Thank you. We're going over to the Zoom webinar now, and Justin Forsythe from UBS.

Justin Forsythe
Analyst, UBS

Awesome. Sounds like you can hear me. Thanks again. This is Justin Forsythe of UBS. Oh, that sounds very bad. Is it better now? Okay, great. Thank you so much for the questions here. I wanted to ask on Wise Platform and thank you team for Oh, man, that is brutal. I don't think that's me, but I'll just keep talking.

Thank you for Wise Connect a few weeks back in London. I think that was a great presentation. I guess this one to start is for either Kristo or Nilan. It seems like you're having a great amount of success in winning the retail banking operations of financial institution Platform customers. I'm thinking Standard Chartered, Raiffeisen, UniCredit, Capitec, Itaú, et cetera.

Are there examples where you've had success in the corporate and commercial banking operations as well, or is Wise Platform just simply better suited for the retail bank? Emmanuel, still on platforms, it seems to me like we might hit that 10% medium-term target, for mix of Platform TPV this year. If we do so, that would be less than two years.

The initial target for the medium term, I think, was about three-five years, so to hit that 10%. What is the output of this? Would you then shift the guidance? I'm also thinking about costs there. If you're exceeding this target kind of ahead of time, does that mean there's potential to exceed either your revenue and/or the cost side?

On the cost side, I mean, a lot of your costs are fixed. I think, what, 65% of your costs are fixed. If you're then exceeding on the top line, I would think that would drop through to bottom line as well.

Nilan Peiris
Chief Product Officer, Wise

Let me repeat the questions. I think the first one was, we seem to make a lot of progress with retail banks. Question around what's the corporate banking pipeline in terms of Wise Platform. For Emmanuel, we expected the Wise Platform-

Emmanuel Thomassin
CFO, Wise

Yep

Nilan Peiris
Chief Product Officer, Wise

income to grow.

Emmanuel Thomassin
CFO, Wise

Yep

Nilan Peiris
Chief Product Officer, Wise

revenues to grow quickly. What's your update on this?

Emmanuel Thomassin
CFO, Wise

Yeah.

Nilan Peiris
Chief Product Officer, Wise

On the Wise Platform side, indeed, we see a lot of traction on the retail banking side, and that's through the dynamic that I talked through earlier around those customers of the retail banks adopting Wise and then that driving banks to come talk to us. Like, you can kind of think through from a corporate perspective, we don't as yet have a high degree of adoption among corporates, so the demand from the corporate banking side is less.

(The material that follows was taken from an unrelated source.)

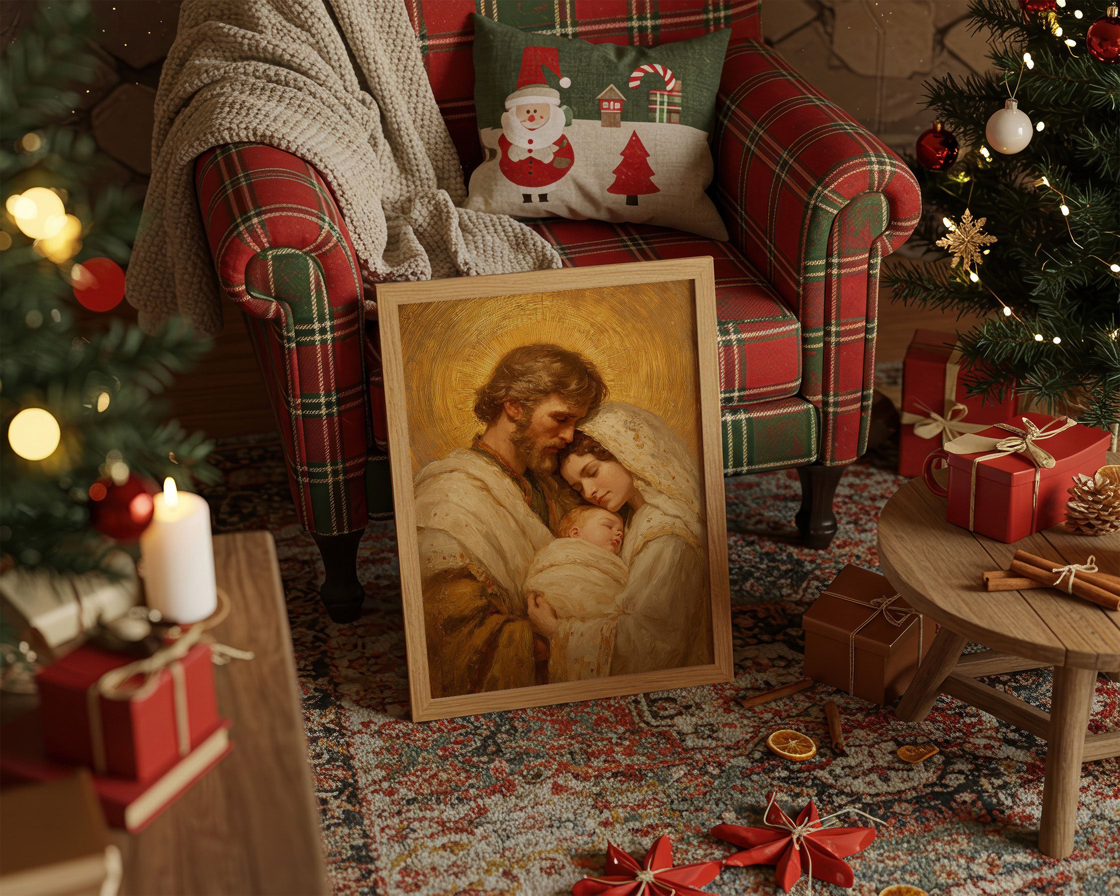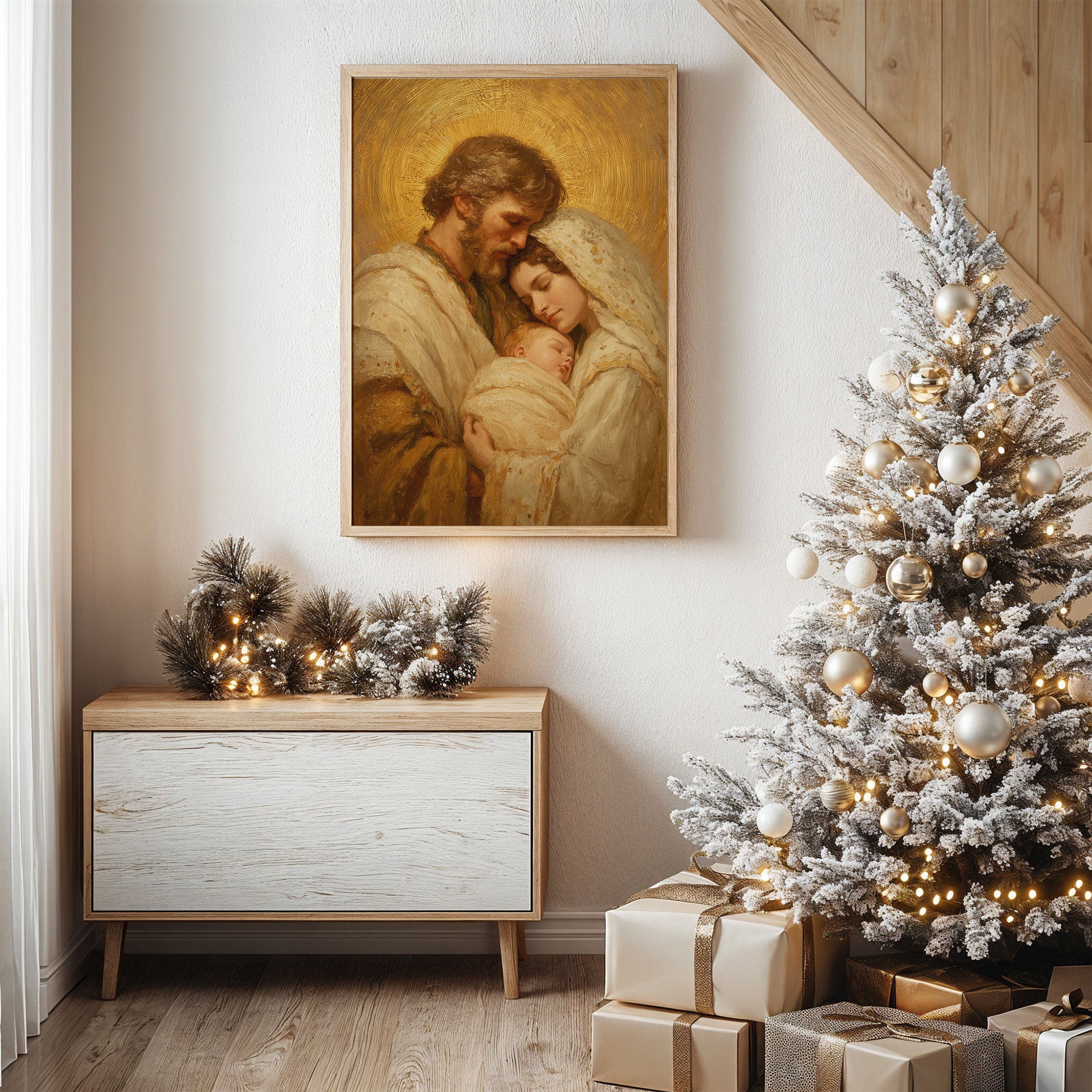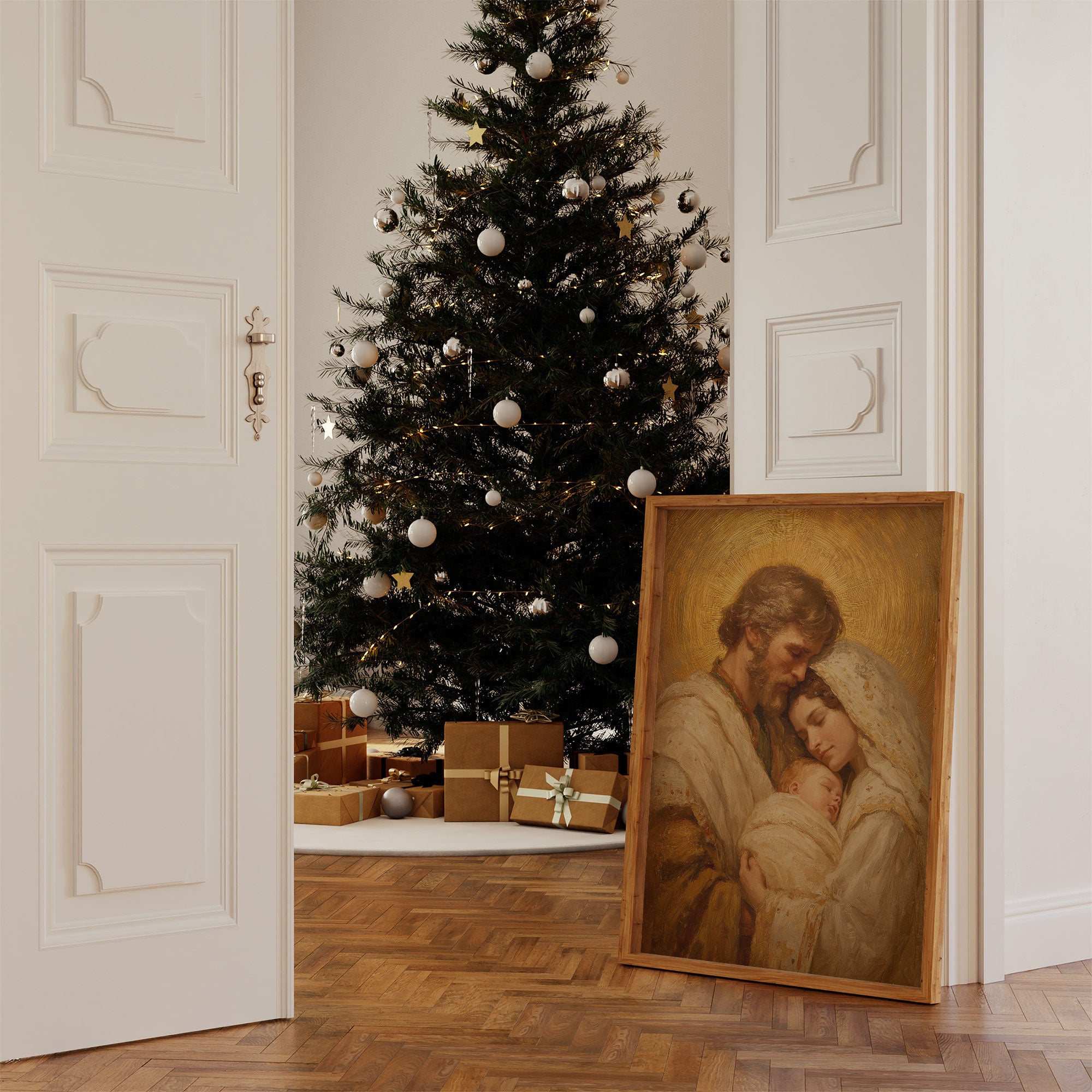 Gentle golden light radiates through a classical painting, casting warmth across a scene of tender devotion. Rich ochre tones and delicate brushstrokes create an atmosphere of profound serenity, complemented by the soft glow of Christmas lights. The contemporary setting marries traditional artistry with modern holiday decor - a flocked tree adorned with metallic ornaments stands sentinel beside wrapped presents in neutral tones. This peaceful corner brings together timeless grace with seasonal celebration.
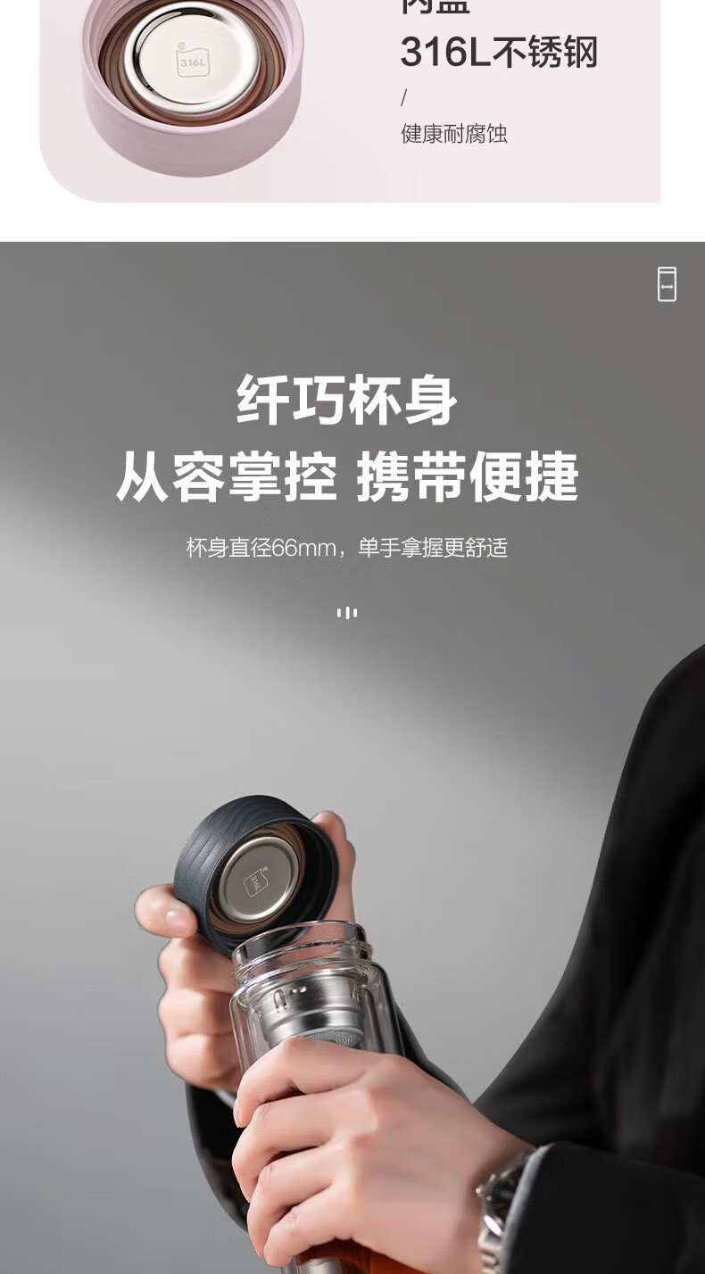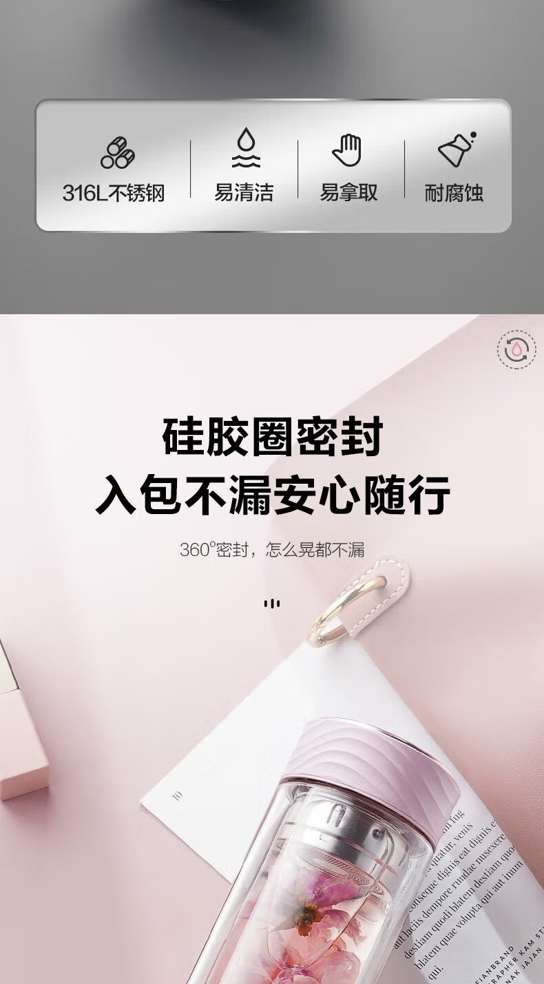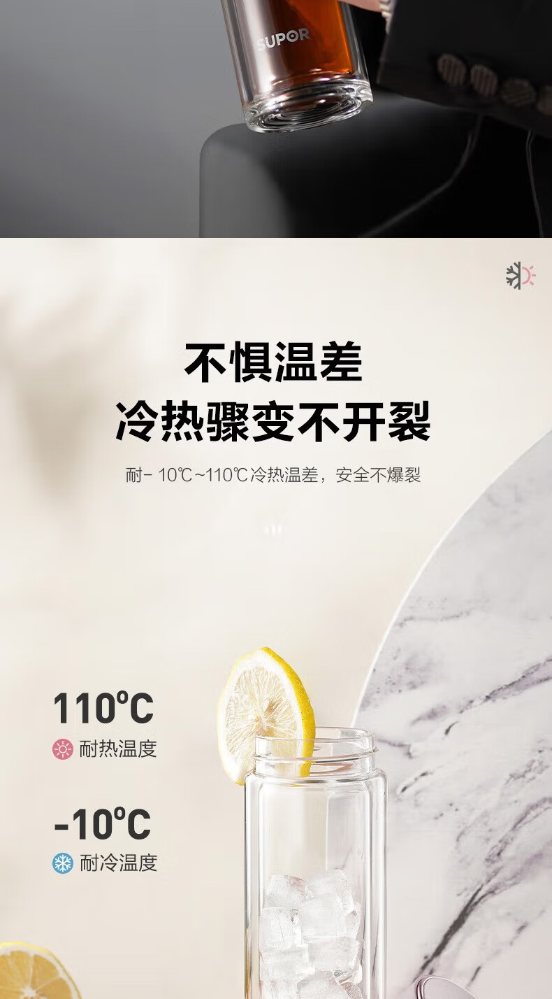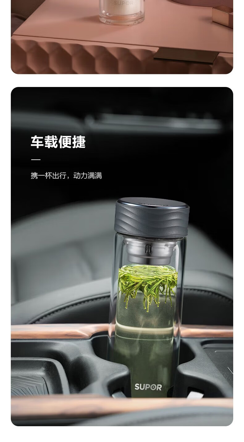 苏泊尔(SUPOR)双层玻璃杯耐高温女高颜值茶水分离泡茶大容量水杯新款2026 粉紫【316茶漏+杯刷】230ml

That said, we have, you can imagine when you look at our Wise Platform partners, they generally all have retail banking arms, which is where they start, and they all have corporate banking arms. These are all ongoing conversations that we have with our partners.

Emmanuel Thomassin
CFO, Wise

In terms of for, you know, the guidance that we gave at Owners' Day, I think, you know, we're very pleased to welcome Capitec. I mean, like, this is the first bank in Africa that we signed, It's the number one bank in South Africa. We're on track with what we mentioned before.

You mentioned, like, you know, what would be the impact on the financials. It will also here we apply the same cost-plus margin logic, that basically we will be able to operate at the lower take rate for the platforms to make sure that we get even more customers or more partners in the future.

On the terms of margin midterm, we will continue to use the same cost-plus margin logic so that we can attract more and more banks, and it will become even more difficult to compete with us.

Martin Adams
Head of Owner Relations, Wise

Great. Well, thank you. Thank you very much. There we go. The mic's working. Thank you very much to our presenters today. Thank you very much to everybody for joining us via the webcast and here in the room as well.

A replay of today's presentation will soon be available on the Owner Relations website, so please head there if you'd like to rewatch any parts today. For those of you who are in the room with us, we are serving refreshments upstairs, a couple of floors up, either by the lift or the stairs. Please do stay and join us for those. Thank you very much, everybody. Thanks very much.